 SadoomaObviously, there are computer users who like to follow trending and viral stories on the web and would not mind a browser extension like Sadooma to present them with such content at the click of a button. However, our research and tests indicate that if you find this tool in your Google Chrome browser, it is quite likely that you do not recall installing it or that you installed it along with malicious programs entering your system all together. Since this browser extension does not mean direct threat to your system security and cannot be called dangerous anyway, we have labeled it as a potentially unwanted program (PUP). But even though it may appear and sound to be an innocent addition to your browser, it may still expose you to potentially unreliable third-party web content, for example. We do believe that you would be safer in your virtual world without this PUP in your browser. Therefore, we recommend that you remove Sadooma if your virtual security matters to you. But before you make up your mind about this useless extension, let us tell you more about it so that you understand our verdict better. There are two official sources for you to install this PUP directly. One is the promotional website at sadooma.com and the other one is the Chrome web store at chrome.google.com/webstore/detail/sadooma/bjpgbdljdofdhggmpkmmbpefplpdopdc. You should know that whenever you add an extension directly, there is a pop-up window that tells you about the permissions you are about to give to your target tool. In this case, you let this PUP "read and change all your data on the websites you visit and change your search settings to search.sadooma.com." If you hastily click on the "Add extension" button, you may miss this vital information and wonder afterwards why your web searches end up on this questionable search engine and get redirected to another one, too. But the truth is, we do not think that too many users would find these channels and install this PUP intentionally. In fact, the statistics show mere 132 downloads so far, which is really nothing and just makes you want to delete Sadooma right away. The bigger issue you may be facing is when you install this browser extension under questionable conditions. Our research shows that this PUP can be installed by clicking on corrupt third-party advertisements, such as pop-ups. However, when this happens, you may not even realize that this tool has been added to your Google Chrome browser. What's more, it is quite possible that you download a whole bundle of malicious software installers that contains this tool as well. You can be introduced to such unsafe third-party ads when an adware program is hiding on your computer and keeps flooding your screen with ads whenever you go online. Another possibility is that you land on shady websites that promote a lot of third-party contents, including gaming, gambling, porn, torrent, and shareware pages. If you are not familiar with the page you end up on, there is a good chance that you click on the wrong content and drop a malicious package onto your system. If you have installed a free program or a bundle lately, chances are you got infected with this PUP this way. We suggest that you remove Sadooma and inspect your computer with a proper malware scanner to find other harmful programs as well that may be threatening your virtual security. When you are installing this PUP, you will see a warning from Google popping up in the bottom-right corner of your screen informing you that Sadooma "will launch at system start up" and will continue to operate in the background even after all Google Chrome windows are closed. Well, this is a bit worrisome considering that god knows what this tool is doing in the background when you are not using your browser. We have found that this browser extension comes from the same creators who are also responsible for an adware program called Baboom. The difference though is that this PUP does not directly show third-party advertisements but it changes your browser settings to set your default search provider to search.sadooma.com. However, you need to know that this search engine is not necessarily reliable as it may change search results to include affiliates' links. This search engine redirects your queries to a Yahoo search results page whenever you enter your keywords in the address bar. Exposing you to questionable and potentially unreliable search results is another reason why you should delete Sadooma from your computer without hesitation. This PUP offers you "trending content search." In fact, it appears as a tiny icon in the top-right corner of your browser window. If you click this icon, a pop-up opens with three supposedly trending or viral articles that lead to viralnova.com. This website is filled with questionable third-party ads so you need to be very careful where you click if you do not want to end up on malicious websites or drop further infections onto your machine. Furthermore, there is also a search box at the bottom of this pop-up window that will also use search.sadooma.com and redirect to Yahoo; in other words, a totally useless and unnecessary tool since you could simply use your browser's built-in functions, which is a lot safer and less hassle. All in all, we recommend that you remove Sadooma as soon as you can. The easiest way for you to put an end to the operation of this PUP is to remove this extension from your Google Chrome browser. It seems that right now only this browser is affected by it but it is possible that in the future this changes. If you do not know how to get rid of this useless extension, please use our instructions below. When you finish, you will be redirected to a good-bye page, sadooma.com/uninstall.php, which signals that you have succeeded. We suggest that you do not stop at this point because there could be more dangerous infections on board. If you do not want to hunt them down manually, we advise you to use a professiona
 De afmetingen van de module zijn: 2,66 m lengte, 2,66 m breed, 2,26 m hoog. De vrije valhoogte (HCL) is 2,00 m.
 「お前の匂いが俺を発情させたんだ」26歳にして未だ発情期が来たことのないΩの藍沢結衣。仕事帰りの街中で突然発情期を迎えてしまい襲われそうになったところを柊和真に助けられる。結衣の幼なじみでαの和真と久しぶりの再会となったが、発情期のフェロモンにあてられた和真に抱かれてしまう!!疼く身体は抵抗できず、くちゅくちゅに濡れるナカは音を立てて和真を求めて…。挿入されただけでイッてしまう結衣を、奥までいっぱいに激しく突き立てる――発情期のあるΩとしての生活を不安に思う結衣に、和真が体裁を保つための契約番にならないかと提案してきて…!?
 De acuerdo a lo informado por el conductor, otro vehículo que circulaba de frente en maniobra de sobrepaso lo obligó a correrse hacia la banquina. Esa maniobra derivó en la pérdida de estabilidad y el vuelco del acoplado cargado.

Required action
Return the full data, every line of it, with nothing altered.

The answer
 SadoomaObviously, there are computer users who like to follow trending and viral stories on the web and would not mind a browser extension like Sadooma to present them with such content at the click of a button. However, our research and tests indicate that if you find this tool in your Google Chrome browser, it is quite likely that you do not recall installing it or that you installed it along with malicious programs entering your system all together. Since this browser extension does not mean direct threat to your system security and cannot be called dangerous anyway, we have labeled it as a potentially unwanted program (PUP). But even though it may appear and sound to be an innocent addition to your browser, it may still expose you to potentially unreliable third-party web content, for example. We do believe that you would be safer in your virtual world without this PUP in your browser. Therefore, we recommend that you remove Sadooma if your virtual security matters to you. But before you make up your mind about this useless extension, let us tell you more about it so that you understand our verdict better. There are two official sources for you to install this PUP directly. One is the promotional website at sadooma.com and the other one is the Chrome web store at chrome.google.com/webstore/detail/sadooma/bjpgbdljdofdhggmpkmmbpefplpdopdc. You should know that whenever you add an extension directly, there is a pop-up window that tells you about the permissions you are about to give to your target tool. In this case, you let this PUP "read and change all your data on the websites you visit and change your search settings to search.sadooma.com." If you hastily click on the "Add extension" button, you may miss this vital information and wonder afterwards why your web searches end up on this questionable search engine and get redirected to another one, too. But the truth is, we do not think that too many users would find these channels and install this PUP intentionally. In fact, the statistics show mere 132 downloads so far, which is really nothing and just makes you want to delete Sadooma right away. The bigger issue you may be facing is when you install this browser extension under questionable conditions. Our research shows that this PUP can be installed by clicking on corrupt third-party advertisements, such as pop-ups. However, when this happens, you may not even realize that this tool has been added to your Google Chrome browser. What's more, it is quite possible that you download a whole bundle of malicious software installers that contains this tool as well. You can be introduced to such unsafe third-party ads when an adware program is hiding on your computer and keeps flooding your screen with ads whenever you go online. Another possibility is that you land on shady websites that promote a lot of third-party contents, including gaming, gambling, porn, torrent, and shareware pages. If you are not familiar with the page you end up on, there is a good chance that you click on the wrong content and drop a malicious package onto your system. If you have installed a free program or a bundle lately, chances are you got infected with this PUP this way. We suggest that you remove Sadooma and inspect your computer with a proper malware scanner to find other harmful programs as well that may be threatening your virtual security. When you are installing this PUP, you will see a warning from Google popping up in the bottom-right corner of your screen informing you that Sadooma "will launch at system start up" and will continue to operate in the background even after all Google Chrome windows are closed. Well, this is a bit worrisome considering that god knows what this tool is doing in the background when you are not using your browser. We have found that this browser extension comes from the same creators who are also responsible for an adware program called Baboom. The difference though is that this PUP does not directly show third-party advertisements but it changes your browser settings to set your default search provider to search.sadooma.com. However, you need to know that this search engine is not necessarily reliable as it may change search results to include affiliates' links. This search engine redirects your queries to a Yahoo search results page whenever you enter your keywords in the address bar. Exposing you to questionable and potentially unreliable search results is another reason why you should delete Sadooma from your computer without hesitation. This PUP offers you "trending content search." In fact, it appears as a tiny icon in the top-right corner of your browser window. If you click this icon, a pop-up opens with three supposedly trending or viral articles that lead to viralnova.com. This website is filled with questionable third-party ads so you need to be very careful where you click if you do not want to end up on malicious websites or drop further infections onto your machine. Furthermore, there is also a search box at the bottom of this pop-up window that will also use search.sadooma.com and redirect to Yahoo; in other words, a totally useless and unnecessary tool since you could simply use your browser's built-in functions, which is a lot safer and less hassle. All in all, we recommend that you remove Sadooma as soon as you can. The easiest way for you to put an end to the operation of this PUP is to remove this extension from your Google Chrome browser. It seems that right now only this browser is affected by it but it is possible that in the future this changes. If you do not know how to get rid of this useless extension, please use our instructions below. When you finish, you will be redirected to a good-bye page, sadooma.com/uninstall.php, which signals that you have succeeded. We suggest that you do not stop at this point because there could be more dangerous infections on board. If you do not want to hunt them down manually, we advise you to use a professiona
 De afmetingen van de module zijn: 2,66 m lengte, 2,66 m breed, 2,26 m hoog. De vrije valhoogte (HCL) is 2,00 m.
 「お前の匂いが俺を発情させたんだ」26歳にして未だ発情期が来たことのないΩの藍沢結衣。仕事帰りの街中で突然発情期を迎えてしまい襲われそうになったところを柊和真に助けられる。結衣の幼なじみでαの和真と久しぶりの再会となったが、発情期のフェロモンにあてられた和真に抱かれてしまう!!疼く身体は抵抗できず、くちゅくちゅに濡れるナカは音を立てて和真を求めて…。挿入されただけでイッてしまう結衣を、奥までいっぱいに激しく突き立てる――発情期のあるΩとしての生活を不安に思う結衣に、和真が体裁を保つための契約番にならないかと提案してきて…!?
 De acuerdo a lo informado por el conductor, otro vehículo que circulaba de frente en maniobra de sobrepaso lo obligó a correrse hacia la banquina. Esa maniobra derivó en la pérdida de estabilidad y el vuelco del acoplado cargado.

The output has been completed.